What on earth is this talk about cdma2000? Nokia got selected by NTT-DoCoMo as one of its prime W-CDMA development partners. Nokia got selected by the world's biggest CDMA operator (SK telecom) as its W-CDMA development partner. Nokia landed a W-CDMA development deal in China. Those GPRS deals that Maurice likes to badmouth - they are upgrade paths to W-CDMA. That's the point - Nokia's new GSM network gear has built-in slots for GPRS, EDGE and W-CDMA. You pop in a new module as they come out. Those GPRS customers Nokia won are going to be transferred to W-CDMA at some point.

*That's* the point of Nokia's 40% market share in the GPRS market. These GSM operators that are the richest, most advanced, most ambitious operators in the world. Don't take my word for it - read their annual reports. They are ready to splurge on GPRS now and they may want to splurge on W-CDMA later. Either way, Nokia wins.

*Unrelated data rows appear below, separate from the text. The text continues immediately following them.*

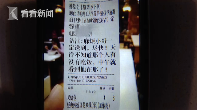 小谢说,这是他到店里上班两年来,第一次接到这样的外卖订单,订餐人姓名显示的是"乞讨者",送餐地址写着"昆明理工大学莲华校区学府路正门天桥上正在睡觉的乞讨者",备注上写着"麻烦小哥一定送到,尽快!天冷不知道那个人有没有吃饭,中午就看到他在那儿了。"原来,这是某位不知名的订餐人点给素不相识的街头流浪者的。值班经理也被这份订单深深感动了,希望能将这份温暖传递下去,于是,他在订单基础上又让小谢加了一份豆面汤圆。
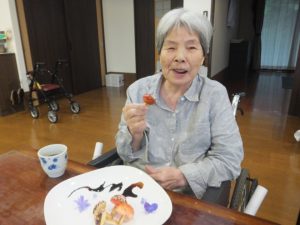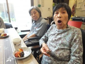 きのこの山風のお菓子を見て、「うわ~初めて食べるよ」「最高ぅ~」と喜んでいました(^-^)
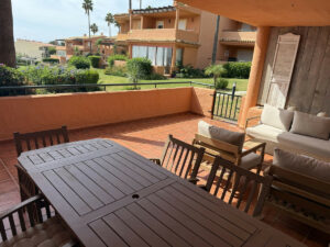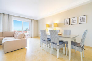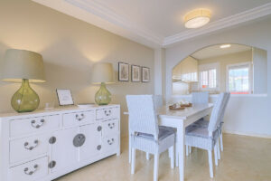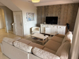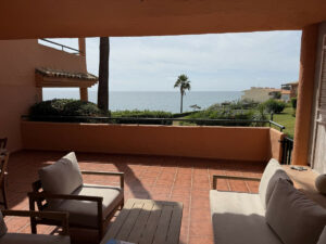 Esta fantástica propiedad se encuentra en Bermuda Beach, en una envidiable primera línea de playa con vistas panorámicas al mar. La propiedad ha sido renovada con altos estándares de calidad, incluyendo una cocina y baños nuevos de estilo moderno y contemporáneo. El resultado es impresionante y la convierte en una lujosa casa familiar perfecta. Las vistas se aprecian desde el momento en que se entra en la propiedad, lo que la hace aún más impresionante. La terraza, que da al salón, cuenta con un amplio espacio para tumbonas, una gran mesa de comedor y sillas. En la planta superior se encuentran los dormitorios: el principal con baño en suite y un amplio balcón con increíbles vistas al mar, y otros dos dormitorios de invitados que comparten un baño. Hay un espacio privado para el coche y hay un supermercado y restaurantes a poca distancia a pie, a solo 10 minutos en coche de Estepona. Una propiedad con una excelente relación calidad-precio en una ubicación inmejorable. Se permiten alquileres de corta estancia.

And here we have a cheese & whine club about Nokia's CDMA shortcomings. So landing *both* NTT-DoCoMo and SK Telecom is chopped liver? I take those two operators as development partners over Sprint or BAM any day. Getting a foothold in China and snatching the huge operators in Spain, Taiwan, etc. in the GPRS-EDGE-W-CDMA upgrade bandwagon doesn't impress you people?

Take a look at Motorola and Nortel and tell me whether you like their strategies better. If winning the GPRS battle is lame - what about losing it? How sad is that?

To put the handset thing in perspective - there is a market for internet and WAP phones in Europe. And there isn't a market for internet and WAP phones in USA. That's how it is right now. Would you like Nokia to compete with Samsung in the "who can make the cheapest CDMA phone for Sprint" sweepstakes? Or would you like Nokia to compete in the "who can make the most popular 700 dollar WAP phone that will sell a million units in Italy alone" competition?

I *know* that there will come a day when USA is an enormous market for internet phones. But right now, the high-end action is in Europe and Asia. It's in those markets where WAP is offered and there are consumers familiar with mobile data since 1995.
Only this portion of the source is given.